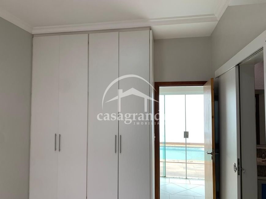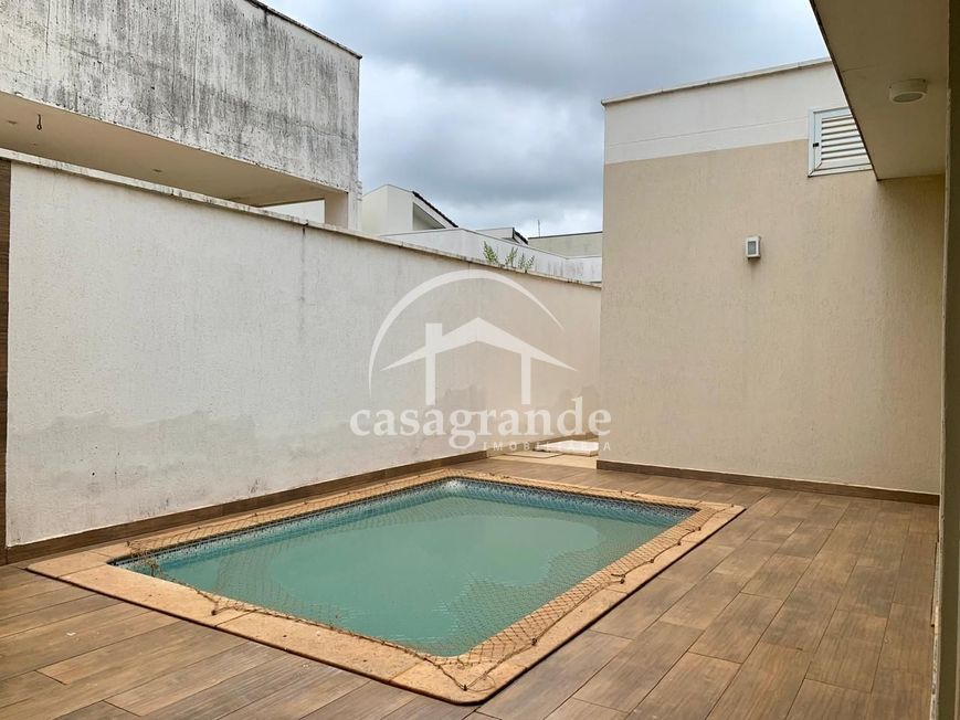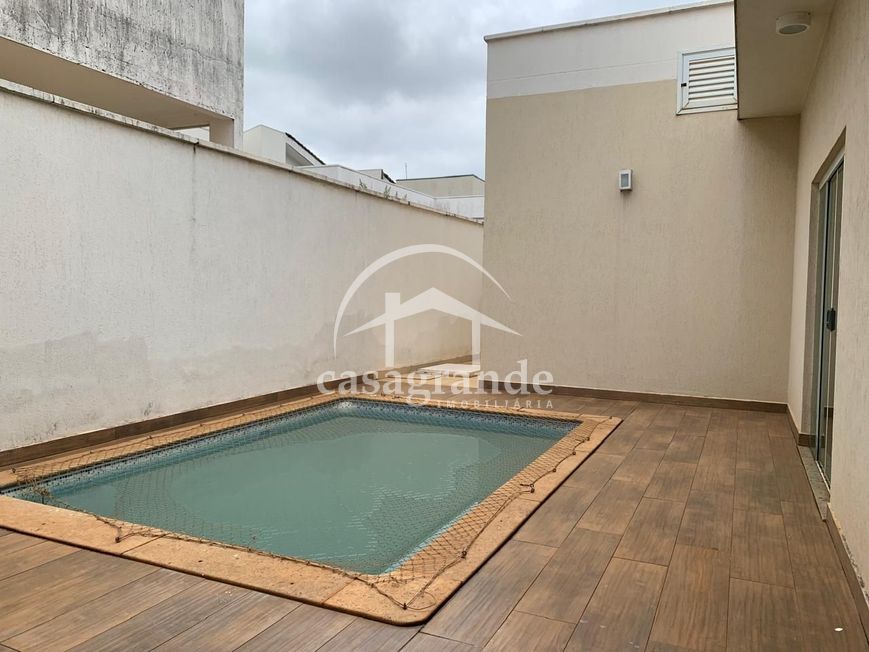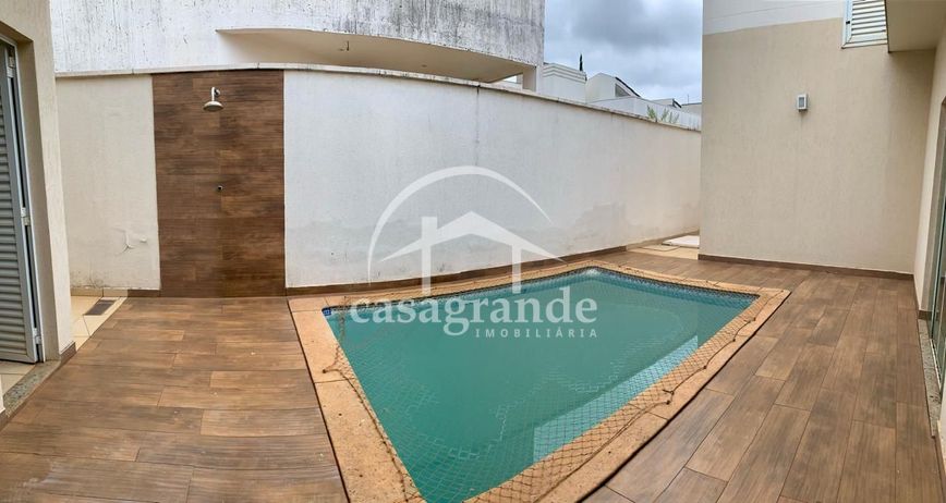 Excelente casa térrea com 195m² em condomínio fechado com toda infraestrutura de segurança e lazer com sala ampla em 2 ambientes, jardim de inverno, escritório com armário e mesa de vidro, lavabo, 3 quartos com armários sendo 1 suíte com banheira de hidromassagem e 2 quartos semi suítes, cozinha planejada com armários, área de serviços com acesso lateral para garagem, espaço gourmet com churrasqueira, bancada com armários e pia, piscina, banheiro externo, ducha e garagem coberta para 2 carros.
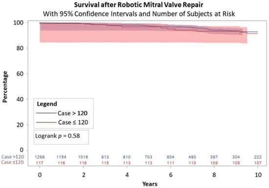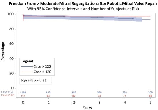 - Roach, A.; Trento, A.; Emerson, D.; Gill, G.; Rowe, G.; Peiris, A.; Hussaini, A.; Cheng, W.; Ramzy, D.; Egorova, N.; et al. Durable Robotic Mitral Repair of Degenerative Primary Regurgitation with Long-Term Follow-Up. Ann. Thorac. Surg. 2022, 114, 84–90. [Google Scholar] [CrossRef]
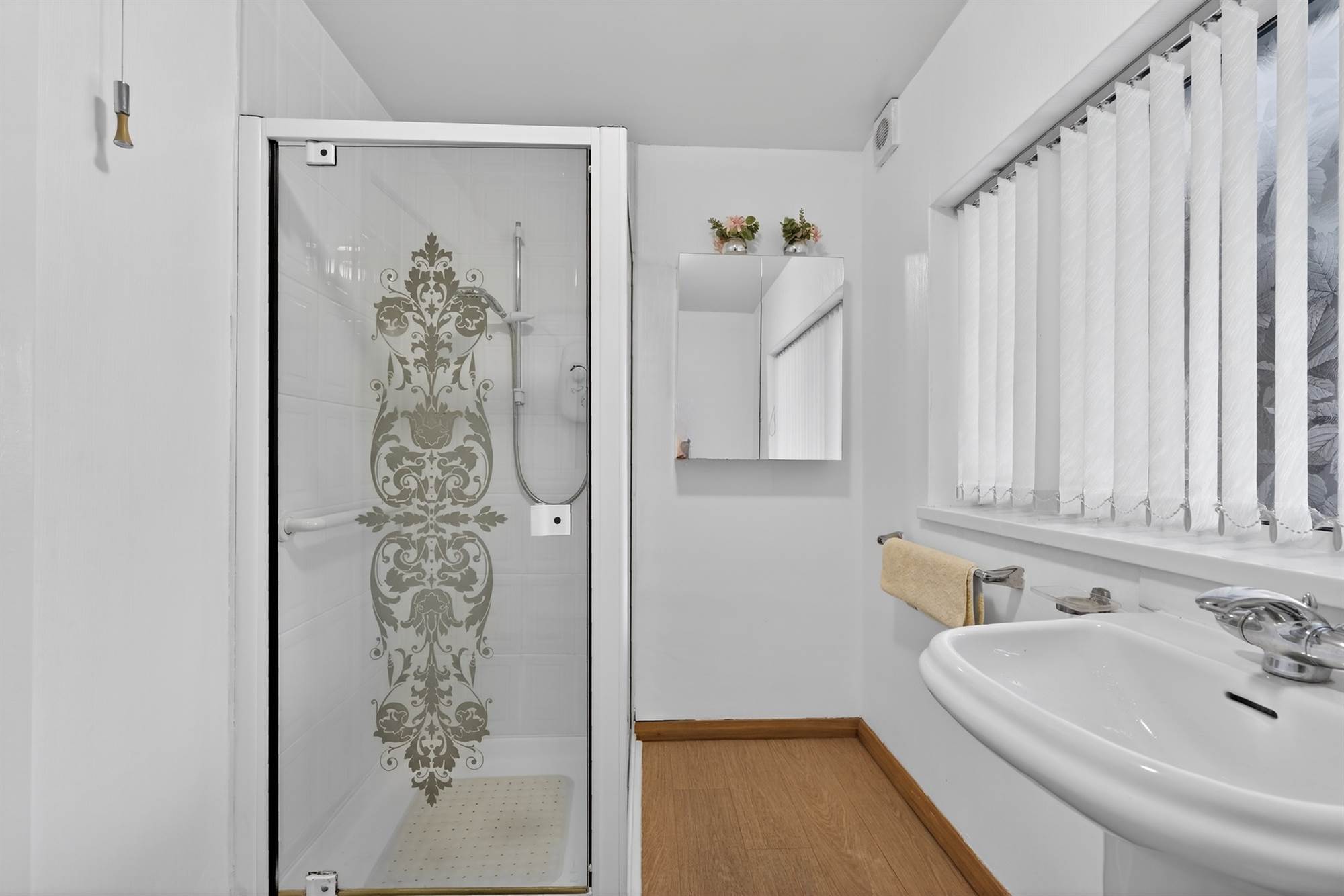 Low flush wc, pedestal wash hand basin, fully tiled shower cubicle with electric shower, tiled floor, extractor fan.
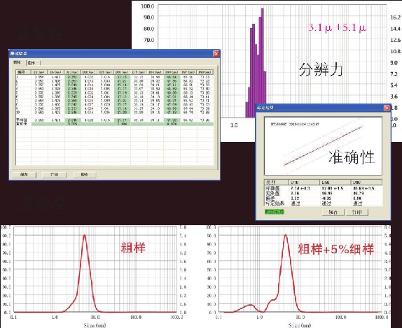 (1)靈敏度:指兩個粒度相差很小(如D50 相差 1μm)時,分析結果的變化量。
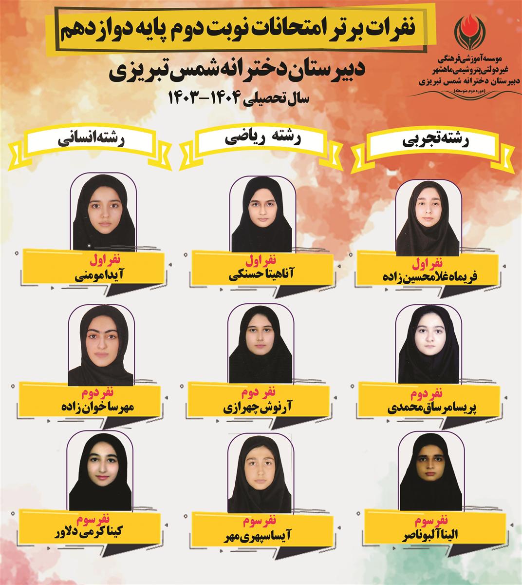 نفرات برتر پایه دوازدهم سال تحصیلی 1400-1399
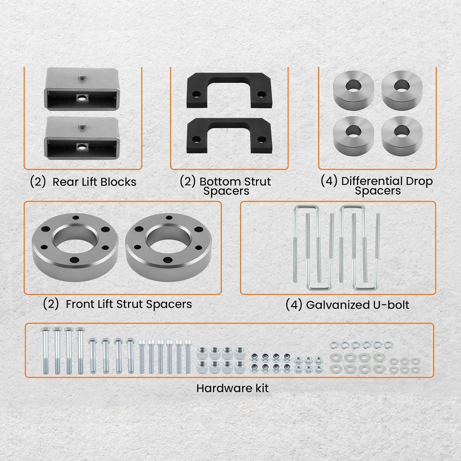 [Durable Material] Leveling lift kit is made from high-strength steel and billet aluminum with great powder-coated finish to resist rust and corrosion for an extended lifespan
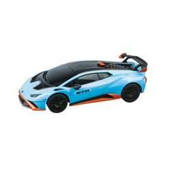 Réplique radiocommandée de la Lamborghini Huracan STO. Les phares s'allument pendant le pilotage. Les portes et le capot s'ouvrent. Échelle : 1/14ème (32cm). Commande toutes directions. Vitesse : 8 km/h. Fréquence : 2,4GHz. Portée : 30 mètres. La carrosserie "Hard body" (plastique rigide) présente un niveau de finition et de détails de grande qualité, aussi bien à l'extérieur qu'à l'intérieur du véhicule, et assure solidité et durabilité.
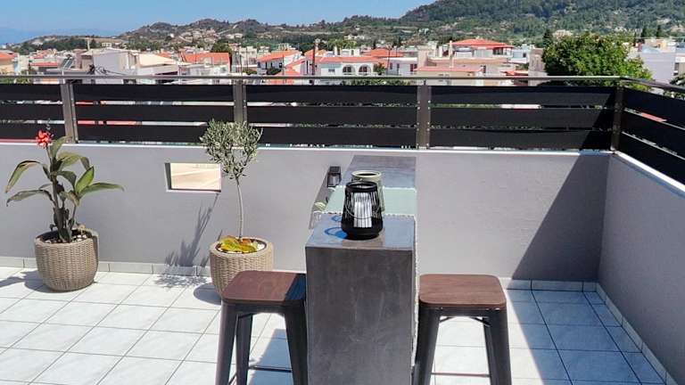 Stamatina's Luxury Penthouse in Pastida Rhodes bietet Übernachtungsmöglichkeiten in einer klimatisierten Ferienwohnung, die ansprechend gestaltet ist und über einen Balkon mit Bergblick verfügt. Die Unterkunft ist mit einem kostenlosen WLAN-Zugang ausgestattet und umfasst einen Garten sowie eine Terrasse mit Meerblick.

..........

◆ **Work request**: Copy out exactly, with no pictures, the lines of the data from the first one through the line bearing "Réplique radiocommandée de".

◆ **Written response**:
 Excelente casa térrea com 195m² em condomínio fechado com toda infraestrutura de segurança e lazer com sala ampla em 2 ambientes, jardim de inverno, escritório com armário e mesa de vidro, lavabo, 3 quartos com armários sendo 1 suíte com banheira de hidromassagem e 2 quartos semi suítes, cozinha planejada com armários, área de serviços com acesso lateral para garagem, espaço gourmet com churrasqueira, bancada com armários e pia, piscina, banheiro externo, ducha e garagem coberta para 2 carros.
 - Roach, A.; Trento, A.; Emerson, D.; Gill, G.; Rowe, G.; Peiris, A.; Hussaini, A.; Cheng, W.; Ramzy, D.; Egorova, N.; et al. Durable Robotic Mitral Repair of Degenerative Primary Regurgitation with Long-Term Follow-Up. Ann. Thorac. Surg. 2022, 114, 84–90. [Google Scholar] [CrossRef]
 Low flush wc, pedestal wash hand basin, fully tiled shower cubicle with electric shower, tiled floor, extractor fan.
 (1)靈敏度:指兩個粒度相差很小(如D50 相差 1μm)時,分析結果的變化量。
 نفرات برتر پایه دوازدهم سال تحصیلی 1400-1399
 [Durable Material] Leveling lift kit is made from high-strength steel and billet aluminum with great powder-coated finish to resist rust and corrosion for an extended lifespan
 Réplique radiocommandée de la Lamborghini Huracan STO. Les phares s'allument pendant le pilotage. Les portes et le capot s'ouvrent. Échelle : 1/14ème (32cm). Commande toutes directions. Vitesse : 8 km/h. Fréquence : 2,4GHz. Portée : 30 mètres. La carrosserie "Hard body" (plastique rigide) présente un niveau de finition et de détails de grande qualité, aussi bien à l'extérieur qu'à l'intérieur du véhicule, et assure solidité et durabilité.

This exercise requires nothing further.